During this year’s Worthy Series, Alex Martin, 20, raced in the men’s category 4/5 field, winning several races and finishing second in the series. These and the Sagebrush Cycles Time Trial Series are the first bike races Martin has competed in. He’s sorry to see them go.

“I’m kind of bummed,” said Martin, back home in Bend from the College of Idaho, which he attends on a track and field and cross-country scholarship. Training and racing on a bike is an ideal way for him to stay fit while he nurses a running-related foot injury, he noted. That his father, Eric Martin, is an elite masters bike racer who is active in TFG races made it easy for Alex to jump into racing. His father, who has the same inseam, lent him one of his bikes. Now that Alex has gotten a taste for bike racing — and has dealt with numerous running injuries — he is considering turning his training and racing energies to cycling exclusively while he pursues postgraduate education. He wonders if, when he is home from college next summer, he will lose the sense of community he gained through these weekly races.

“The people I race against tend to be the same guys,” Alex Martin said. “I thought that was cool. I don’t know what the future of Bend cycling is going to be like without TFG. If you wanted to get started cycling at a young age, these races are great for that.”

Eric Martin, 52, has competed in local races since the 1980s. He remembers a time trial series on Skyliners Road that was organized by local bike shops and manned by a lone official equipped with a clipboard and a stopwatch.

“There was no entry fee and the results weren’t published anywhere,” the elder Martin said. “You’d hang out there afterward and he’d tell you how you did.”

Local bike races wax and wane, said Eric Martin, who finished second overall in the Worthy men’s 1/2 category. He is impressed by TFG Racing’s organization.

“It’s been awesome the last few years that TFG did it. They upped it a bit,” he said, mentioning the lap prizes (premes), and the weekly $50 payouts to men’s and women’s category 1/2 winners. “Fifty bucks!

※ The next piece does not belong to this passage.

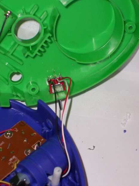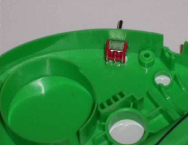 El blanco para el contacto del centro de la soldadura. Suelde el cable rojo (alto volumen) al derecho "contacto. Esto corresponde a mover el interruptor a la izquierda, que el icono de imprimir en el caso. Suelde el cable negro (bajo volumen) para el contacto izquierdo, correspondiente a mover el interruptor a la derecha.
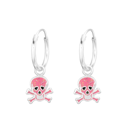 Sterling zilver 925 skull bedel oorbellen - oorringen - roze met glitter. Afmeting skull bedel: 7 mm x 7 mm Diameter oorring: 12 mm Materiaal: Ste...

For a weekly crit, that’s kind of unheard-of.”

He hopes local cycling clubs will pick up the criterium and time trial series.

“The people who do these races love them so much,” he said. “I think they’d help out if you just asked them to volunteer their time.”

Martin said his preparation for big series such as the Cascade Cycling Classic will be lacking without the weekly time trials and criteriums. He said that in the several-year gap when no weekly time trial or criterium series was staged in Bend, his performance suffered in the CCC.

“If we don’t have the weekly series, I’ll hope for top 10 (placement),” he said. “If we have them, I’m maybe a minute faster in the (CCC) time trial. I’ll hope for a top three.”

Ryder Uetrecht, 16, also appreciates how local weekly races let him tweak his racing technique in preparation for the junior national level bike races he competes in throughout the country. When the incoming Summit High School junior is home in Bend, he races in TFG races, as he did last Sunday, winning the men’s 4/5 category by a wheel-length margin.

“Although these races are local, I love them,” Uetrecht said while sitting in the grass and watching the men’s category 1/2 race whip by. “These races are good check-ins for me to see how I’m racing, to see if I’m fine-tuned or not. When I do those bigger (national) races, they’re high risk, high reward. If you don’t have everything together, a lot can go wrong. That’s where these races come in. They’re a big part of my training. They’re super fun.”

Uetrecht, a member of Bear Development’s men’s junior 15-16 elite team, began racing in the men’s 4/5 category during last year’s Worthy Series. He continued to race in the junior category as well so he can shepherd younger racers. Without a weekly criterium series, Uetrecht worries whether juniors will miss an opportunity to grow a love of racing.

In the wake of TFG Racing, one question remains: What does TFG stand for?

“It means ‘Two Fat Guys Racing,’” Lasala said with a laugh.